I suck at this. I am hiding in my room from my family because I suck.
 
Sorry Lydia, we all have those days sooner or later... I have had alot in the last year. It is so hard to find the right drug, or supplement for our individual disease of Crohn's. Hiding will not make it go away but I think everyone should tell a family member something so they know how to deal with your situation and take you to the hospital if need be. I am on 25mg of Pred too and my symptoms are baaaaaaaaaaack. Hang in there ok>
 
Yeah Lydia hang on in there
The Pred really screws with your psyche, so tell someone how you feel just to be on the safe side
thinking of you
xxx
 
I finally was able to go to the bathroom this moring and I feel so much better. Last night I was starting to think I had an obstruction. My poop almost looked like a normal poop so I think the inflammation has really gone down. I cant believe how happy I am over a normal looking poop. Its been over half a year since I have seen one. lol.

My husband was checking up on me yesterday and he took care of Lilly (my 2 year old) so that was nice. My poor kid. She must wonder why mommy randomly cries through out the day. She has been giving me extra hugs. I am sorry this disease has been making her have to grow up a little faster than normal. I just hope it builds character instead of hurting her. I think she is an old soul, which helps.
 
Hi Lydia - Sorry to hear you are so down. The pred can really mess up your head! I started seeing a shrink for the first time in my life after my Crohn's diagnosis. I just couldn't deal on my own. I am now on an anti-anxiety AND an anti-depressant and it really helps. I hate to take pharmaceuticals, but I just felt like I couldn't do it on my own.
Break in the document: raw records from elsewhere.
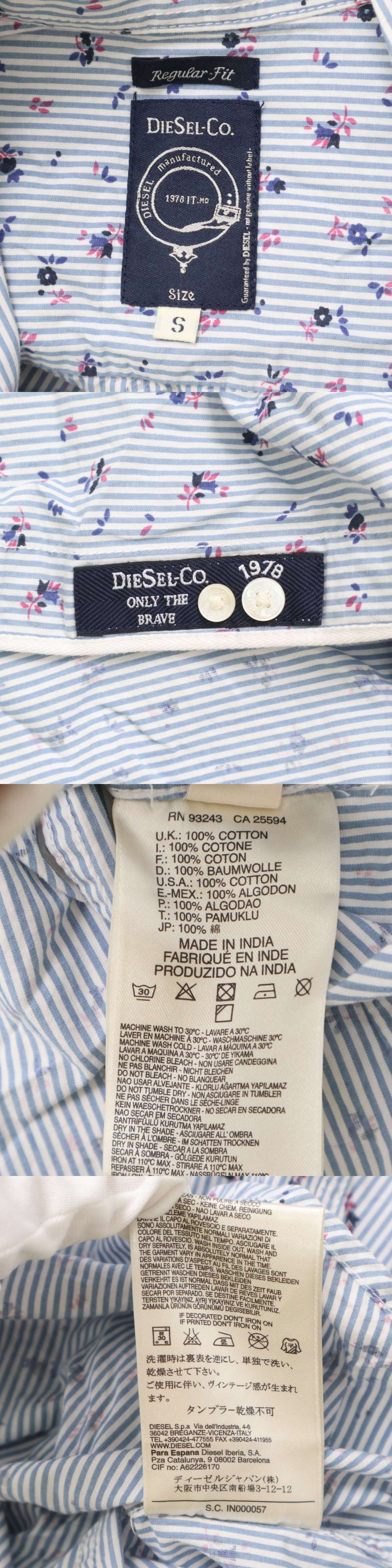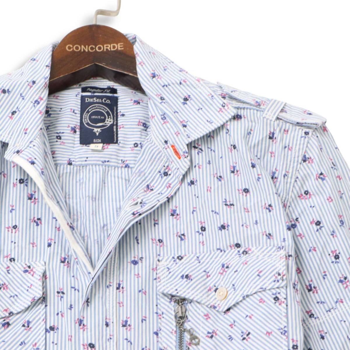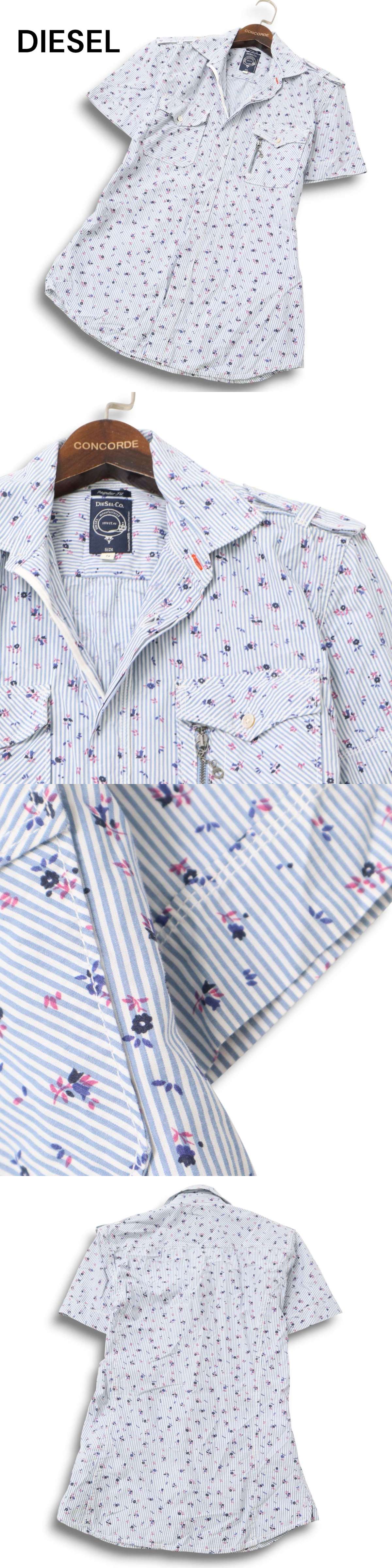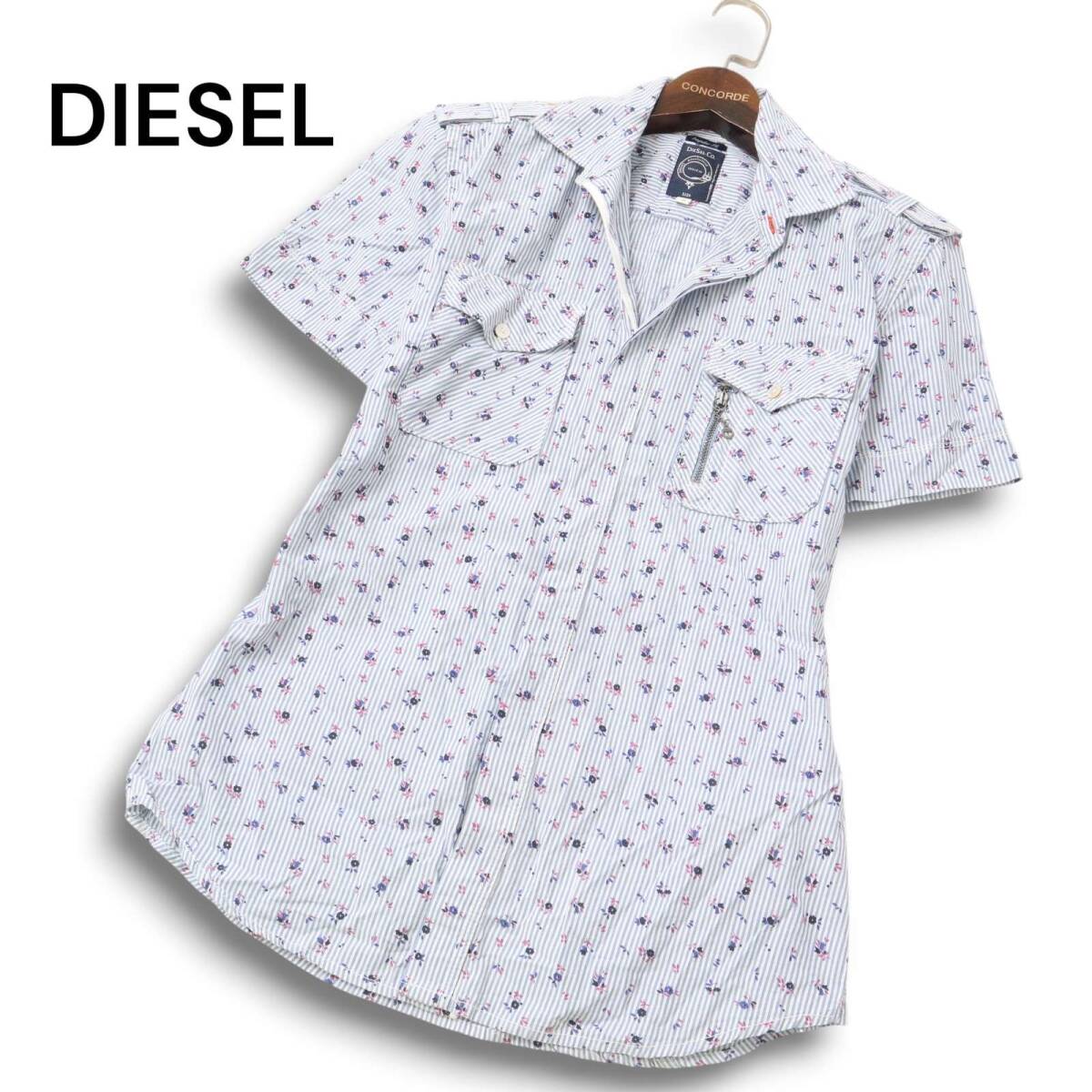 DIESEL ディーゼル 春夏★ ストライプ 花柄 フラワー 総柄 半袖 ミリタリー シャツ Sz.S メンズ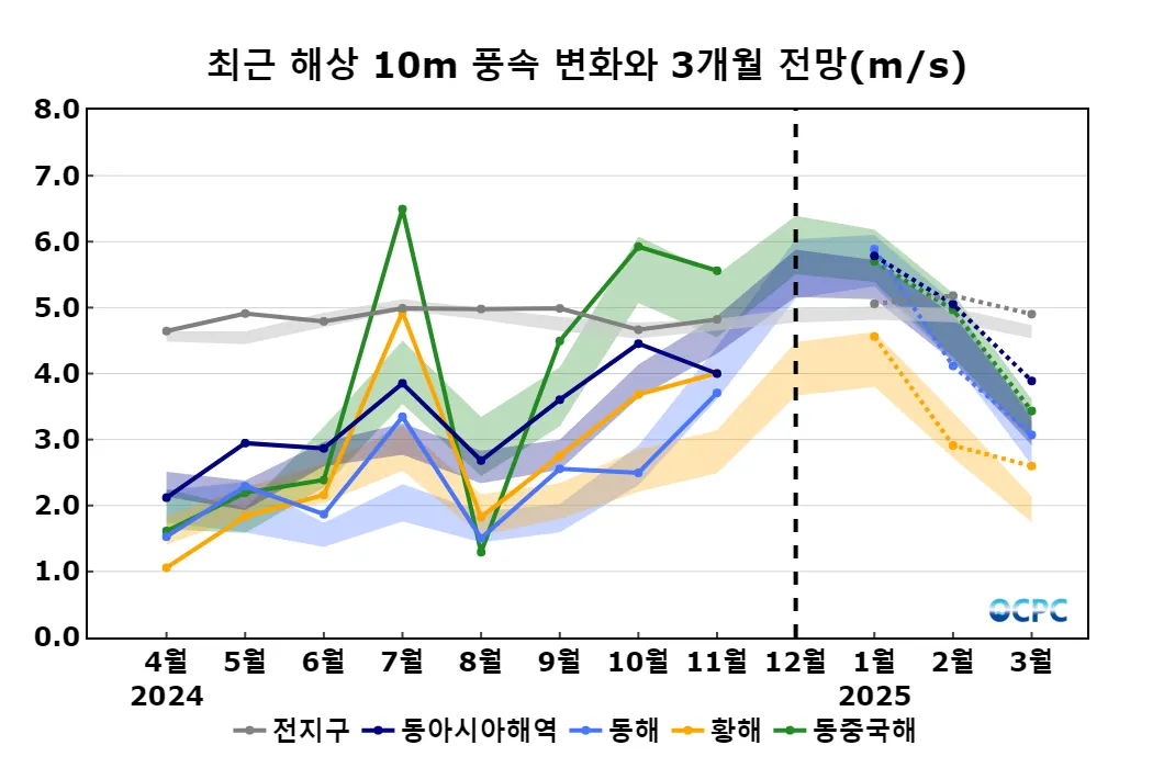 동아시아해역의 1~3월 평균 해상풍은 평년(4.4±0.3m/s)보다 강하겠습니다.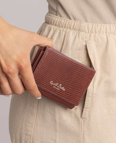 "Gusti Leder studio"-linjen tilbyder moderne og funktionelle punge i koskind og bøffellæder, der fremstilles i certificerede virksomheder og kemisk garves. Disse modeller imponerer med holdbarhed og tidløst design.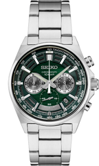 From the Essentials Collection. Inspired by racing, this rugged chronograph combines functionality and fashion for perfect sport or everyday wear. Framed by a green tachymeter outer ring, the dimensional embossed green dial features applied metallic elements and black and gray accents. Designed to suggest an engine compartment, the dial also offers three subdials, including a 24-hour indicator and a date calendar, as well as LumiBrite hands and markers. Chronograph timing provides measurement of up to 60 minutes of elapsed time in 1/5-second increments. Crafted of stainless steel, with tri-fold push button release clasp. 10 bar, 100M Water Resistant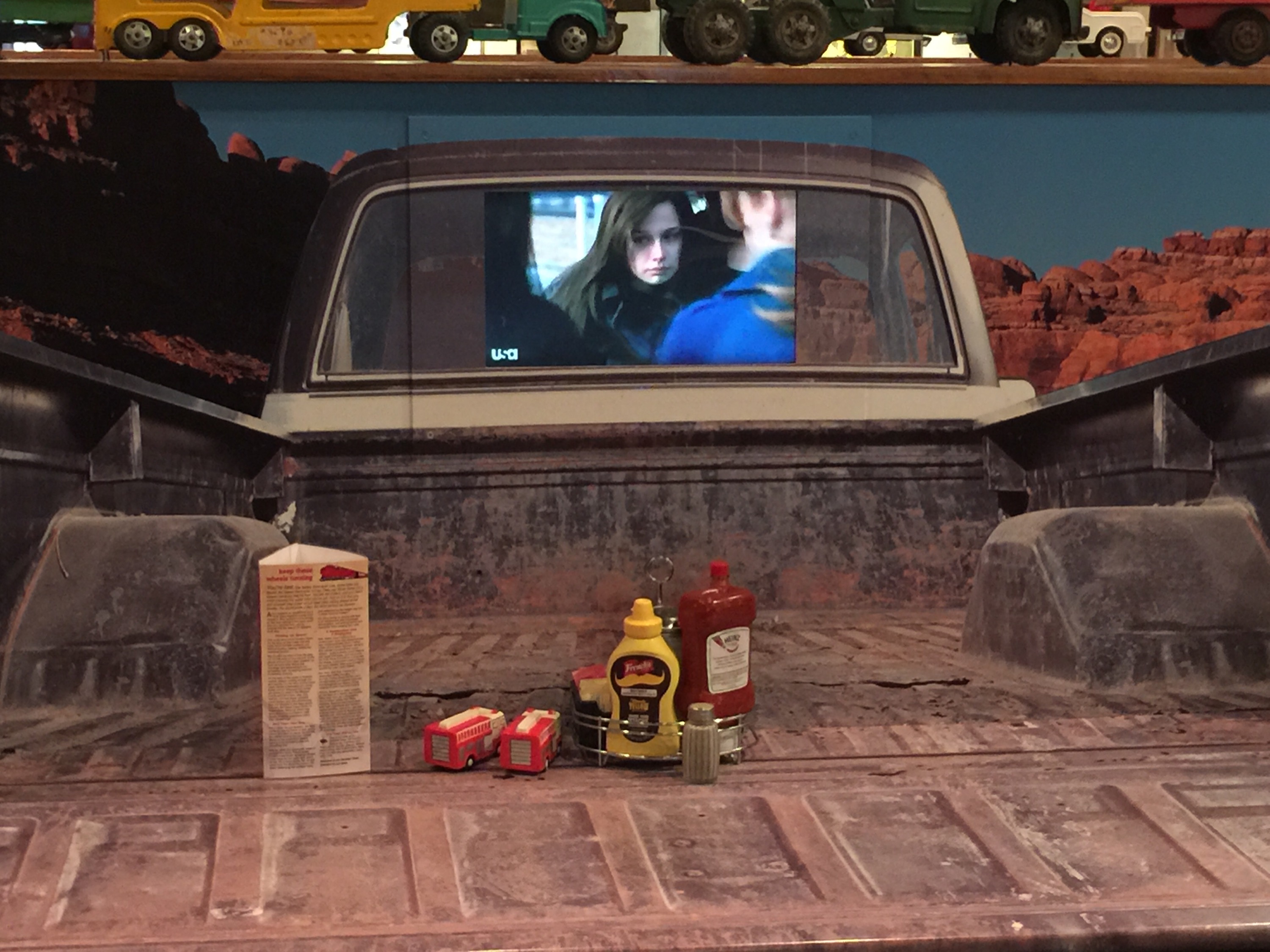 Away from the counter are regular tables, but there were also tailgates with small TV sets in the spirit of drive-in movies.

I know it's tough having a little one at home. You want to be strong and keep it all together, but it's near impossible sometimes.

My son was 15 months when I got sick and spent a month in the hosp. Then several surgeries over the course of a year.... He is now almost 9 and still ges a little sad sometimes that I am not totally well, but he deals with it all fine. And the biggest thing he had learned - no fear of pooping in public toilets!